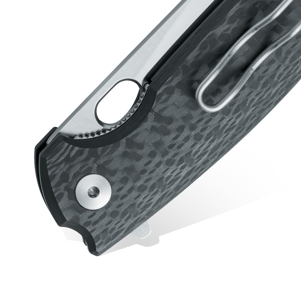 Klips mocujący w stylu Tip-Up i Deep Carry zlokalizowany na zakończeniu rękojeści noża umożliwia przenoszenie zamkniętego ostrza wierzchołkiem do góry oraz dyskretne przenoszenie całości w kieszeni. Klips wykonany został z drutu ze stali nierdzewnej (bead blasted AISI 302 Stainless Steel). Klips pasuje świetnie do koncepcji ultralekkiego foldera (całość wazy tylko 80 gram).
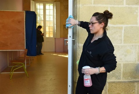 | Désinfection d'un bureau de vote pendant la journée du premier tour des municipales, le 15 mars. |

---

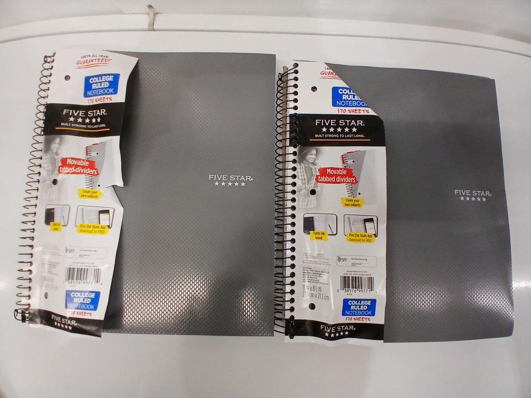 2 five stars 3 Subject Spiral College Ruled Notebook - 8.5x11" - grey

---

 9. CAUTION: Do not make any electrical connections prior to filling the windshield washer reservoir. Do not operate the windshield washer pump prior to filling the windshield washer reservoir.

---

◆ What is expected: Exactly the lines starting at the one above with "Klips mocujący w" and ending at the one with "le 15 mars. |" should be printed, and nothing else. Omit the pictures.

◆ Exercise response:
 Klips mocujący w stylu Tip-Up i Deep Carry zlokalizowany na zakończeniu rękojeści noża umożliwia przenoszenie zamkniętego ostrza wierzchołkiem do góry oraz dyskretne przenoszenie całości w kieszeni. Klips wykonany został z drutu ze stali nierdzewnej (bead blasted AISI 302 Stainless Steel). Klips pasuje świetnie do koncepcji ultralekkiego foldera (całość wazy tylko 80 gram).
 | Désinfection d'un bureau de vote pendant la journée du premier tour des municipales, le 15 mars. |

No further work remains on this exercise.